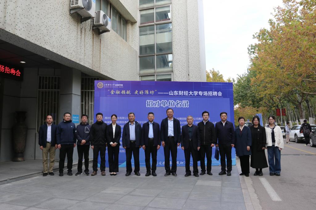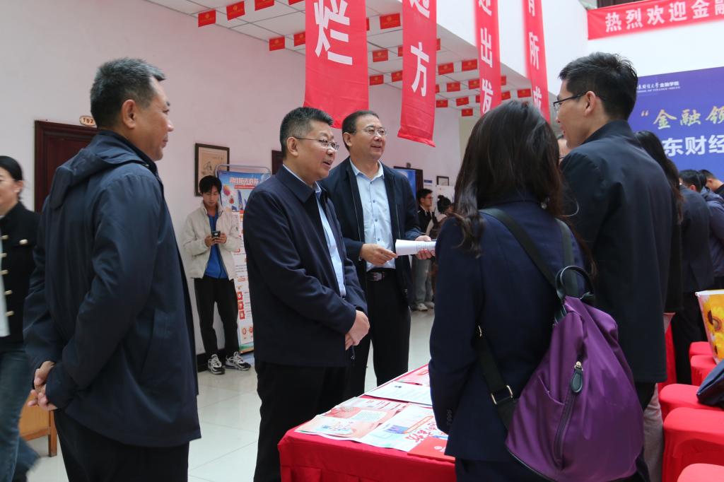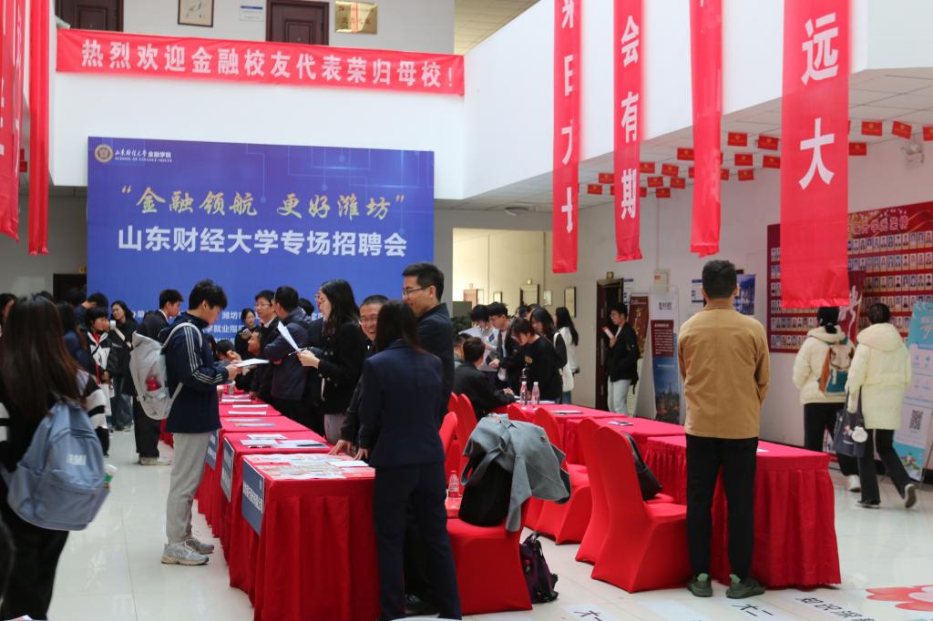 为深化校地合作,精准对接企业需求,提升毕业生就业质量,11月9日上午,金融学院在舜耕校区金融楼一楼大厅,与潍坊市财政局、潍坊市奎文区政府联合举办“金融领航 更好潍坊”——山东财经大学专场招聘会。招聘会启动仪式由山东财经大学金融学院党委书记吴红文主持,山东财经大学就业指导处处长刘奇耀、潍坊市财政局党组副书记、副局长,市金融稳定发展领导小组办公室常务副主任刘明出席仪式并致辞。奎文区政府领导曹瑞升、李丰伟,山东财经大学金融学院党委副书记康亚通以及潍坊奎文区金融协会、奎文区财政局、潍坊市资本中心、部分用人单位代表和毕业生代表共计100余人参加。
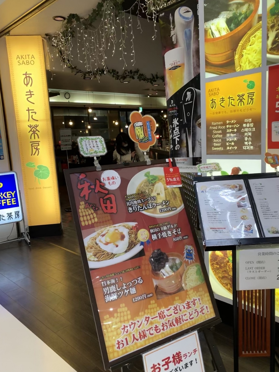 秋田空港のレストラン、県産品を使用したメニューもあり飛行機の待ち時間に。
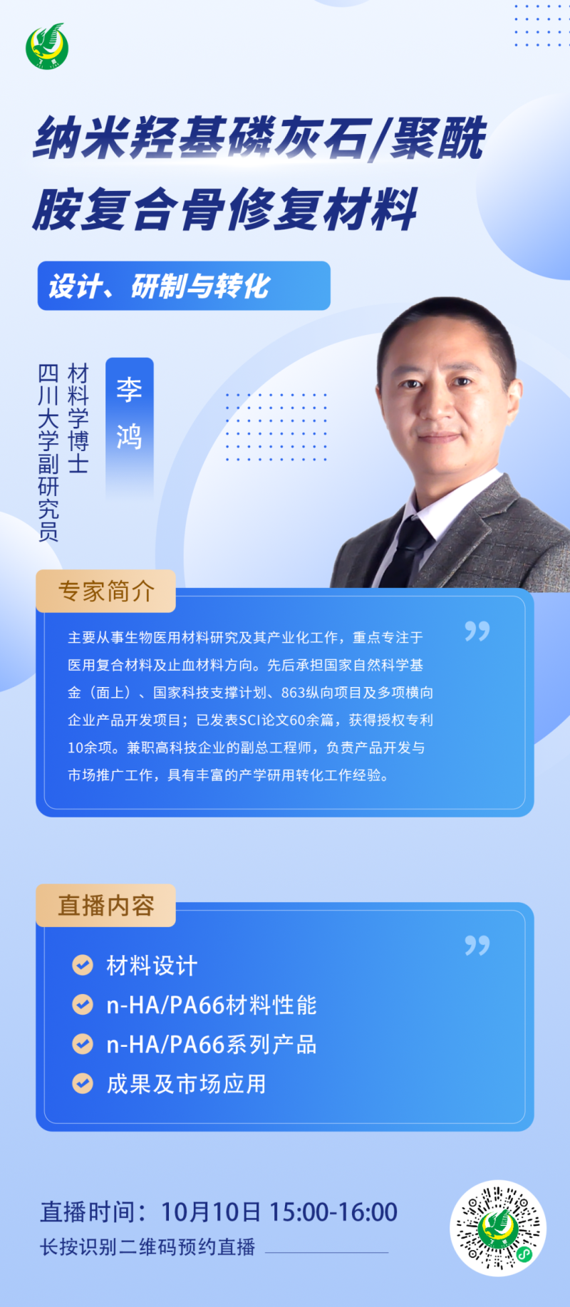 10月10日下午3點(diǎn),李老師給大家?guī)?/span>《納米羥基磷灰石/聚酰胺復(fù)合骨修復(fù)材料的設(shè)計(jì)、研制與轉(zhuǎn)化》,將從材料設(shè)計(jì)、材料性能、研究成果及市場(chǎng)應(yīng)用等方面給大家詳細(xì)介紹,對(duì)此類高分子材料感興趣的朋友千萬不要錯(cuò)過了哦~
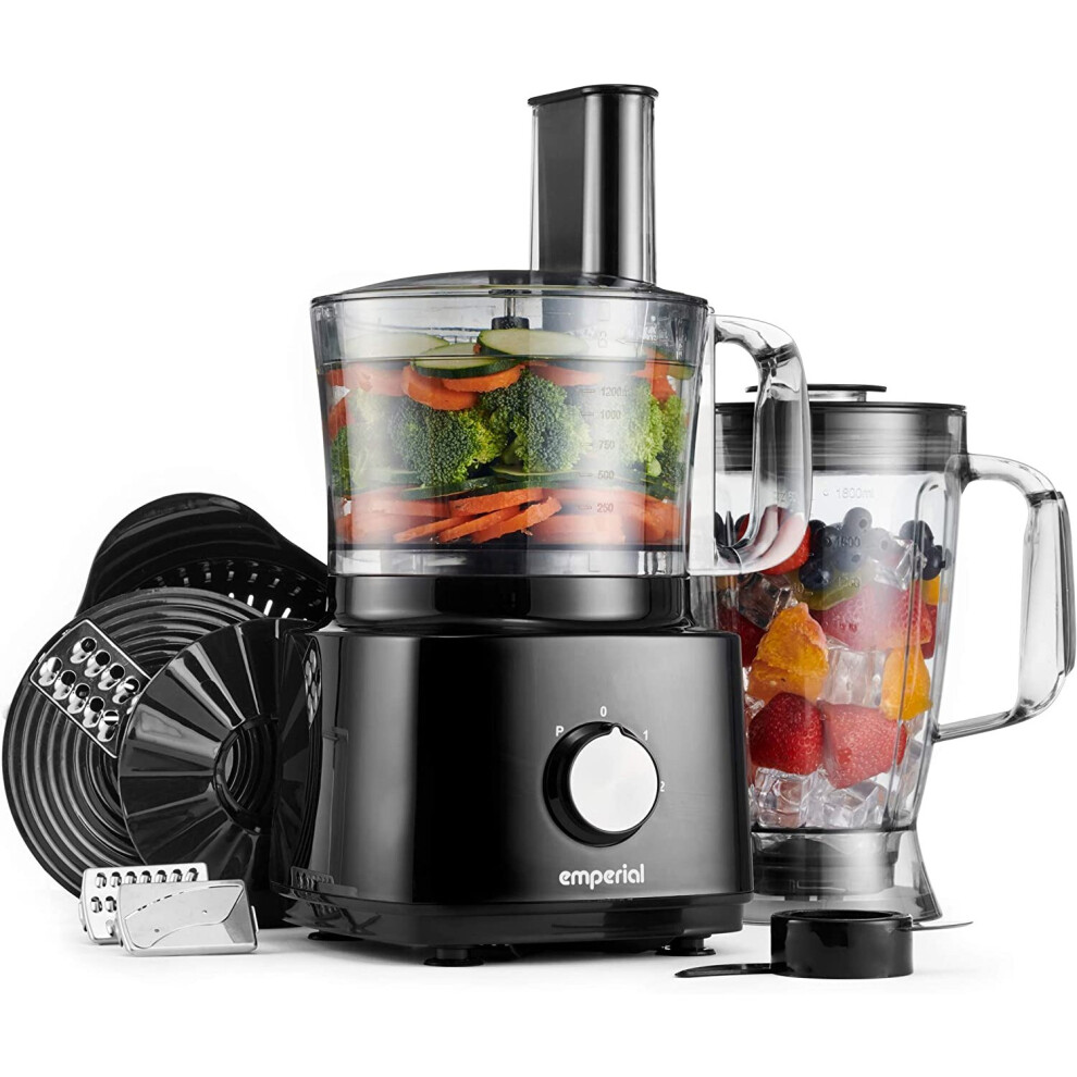 Emperial Food Processor and Blender – 2L Bowl, 1.8L Jug, Multifunctional 8in1 Citrus Juicer, Shredder, Slicer, Emulsifier & Grater – Features 2 Speeds + Pulse Control
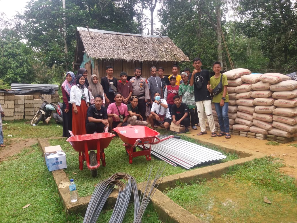 Brigpol Maidani saat dibincangi ketika hadir mendapingi material tersebut secara langsung menyebutkan, pembangunan rumah pak Mahmud mulai hari ini digeber material nya ke alamat.
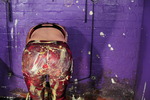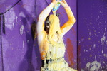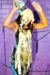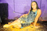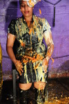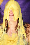 Eventually the questions end and Maria just grabs all the remaining mess and pours and smears it all over herself, covering her hair and face as well as completely coating her outfit and body in mixed mess.
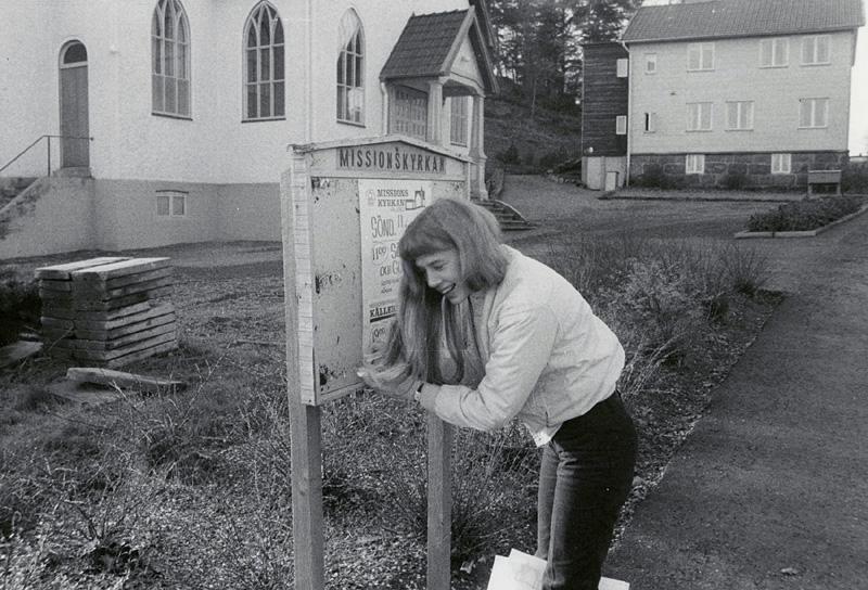 En ung kvinna lutar sig framåt och skrattar, okänt årtal. Hon står framför en skylt tillhörande Kållereds missionsförsamling. Till vänster ses Kållereds Missionskyrkan (senare Ekenkyrkan) och i bakgrunden till höger ses Villa Fridhem.
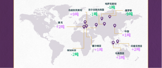俄罗斯央行成为当月最大官方黄金净卖家(9吨),其次是保加利亚国家银行(2吨)。哈萨克斯坦和吉尔吉斯斯坦央行分别减持黄金1吨。
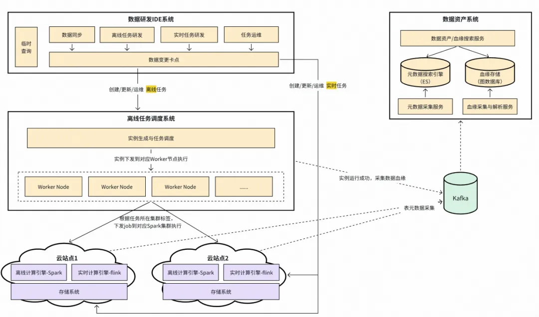 数据研发套件包含数据研发IDE、数据资产系统、离线任务调度系统三部分,在平台中的定位类似于“汽车的驾驶舱”,为数据工程师提供丰富的工具集,控制全公司的数据流动与计算。整体系统架构如下图所示:
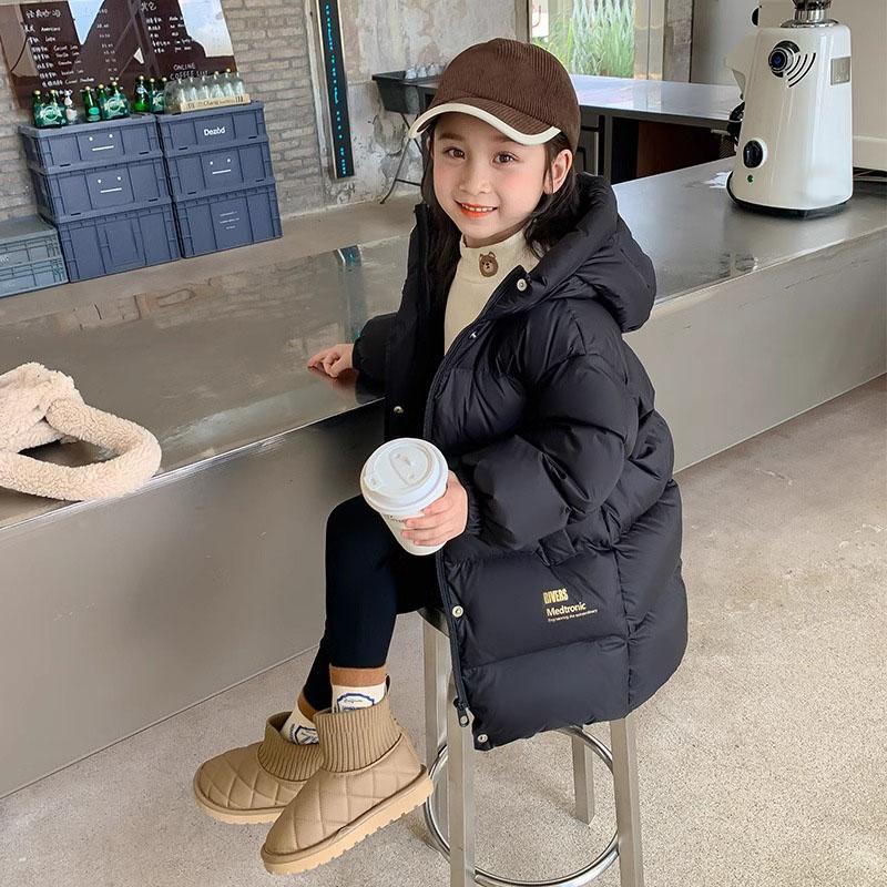Зимние длинные толстые теплые парки для девочек с карманами, детское пальто с капюшоном, верхняя одежда, два цвета 100cm чёрный

## YOUR INSTRUCTIONS
Set down word for word each line from the one containing "数据研发套件包含数据研发ID" through the end of the material, and keep the pictures out of it.

## YOUR SOLUTION
 数据研发套件包含数据研发IDE、数据资产系统、离线任务调度系统三部分,在平台中的定位类似于“汽车的驾驶舱”,为数据工程师提供丰富的工具集,控制全公司的数据流动与计算。整体系统架构如下图所示:
Зимние длинные толстые теплые парки для девочек с карманами, детское пальто с капюшоном, верхняя одежда, два цвета 100cm чёрный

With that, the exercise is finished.